The invention has the positive effects that: according to the experimental instrument for the bacterial filtration efficiency, the existing continuous working machine is replaced by the bacterial suspension conveying device which is arranged on the aerosol chamber and is communicated with the aerosol chamber, the bacterial suspension conveying device is simple in structure, no additional power device is needed except for being connected with a high-pressure air source, compared with the original device, the total quantity of bacteria conveyed by the bacterial suspension conveying device is more convenient to measure, the measurement precision is accurate, the accuracy of the measured bacterial filtration efficiency value of the experimental material can be guaranteed, the particle size of the bacterial suspension entering the aerosol chamber can be changed by changing the connection mode of the through holes in the bacterial suspension conveying device according to the requirement of the material to be measured, the application range of the device is further expanded to a certain extent, and the accuracy of the finally measured data can be improved.
Drawings
FIG. 1 is a schematic structural view of the present invention;
FIG. 2 is an enlarged partial view of I of FIG. 1; (the dotted line in the figure indicates the flow direction of the bacterial suspension)

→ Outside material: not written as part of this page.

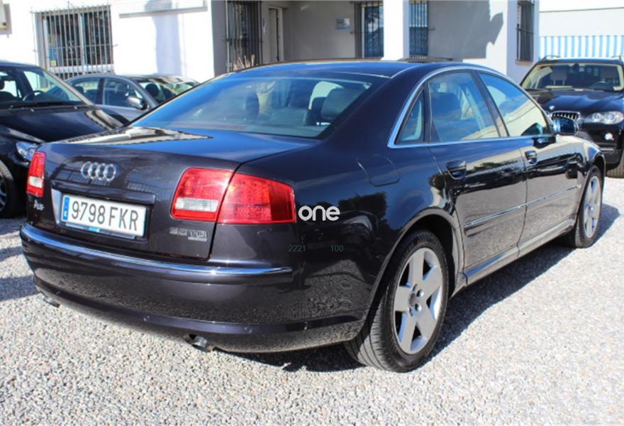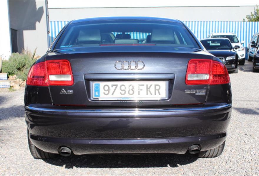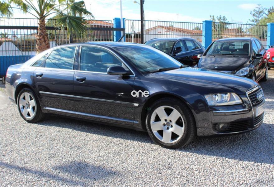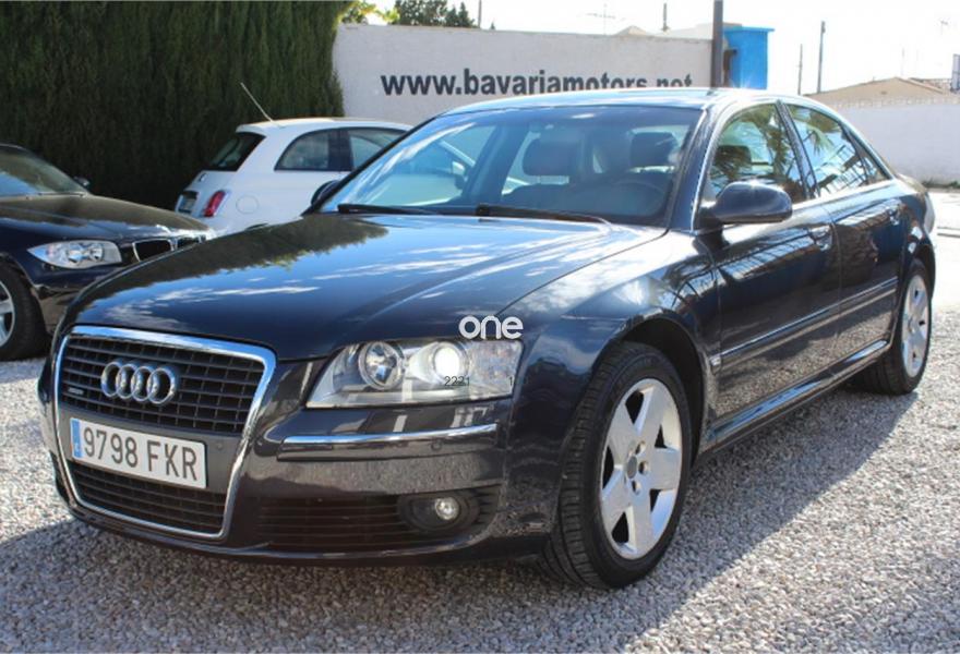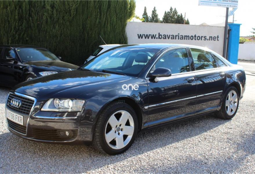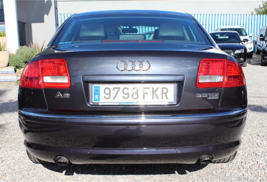 AUDI A8, Diesel, año 2007, 236000 kilómetros, color Gris / Plata (Gris oscuro metalizado) metalizado, precio 11990€. AUDI A8 3.0TDI QUATTRO, Automatico tiptronic, Navegador Plus, Faros de Xenon, Asientos de cuero, Volante multifuncion, Ordenador de abordo, Sensores de parking delanteros y traseros, Asientos electricos, Velocidad de crucero, Radio-cd+cargador, Lava faros, Antinieblas, Apoyabrazos, 4x Elevalunas electricos, Cierre con mando (2 Llaves), Llantas 18", ESP, 8 Airbag, ABS, Nacional, Libro de revisiones, IVA deducible,

FIG. 3 is a schematic view of an alternative arrangement of the connection of the bacterial suspension delivery device to the aerosol chamber; (the dotted line in the figure indicates the flow direction of the bacterial suspension)
FIG. 4 is a schematic diagram of a prior art bacterial filtration efficiency test;
fig. 5 is a schematic view of the present invention in a biosafety cabinet.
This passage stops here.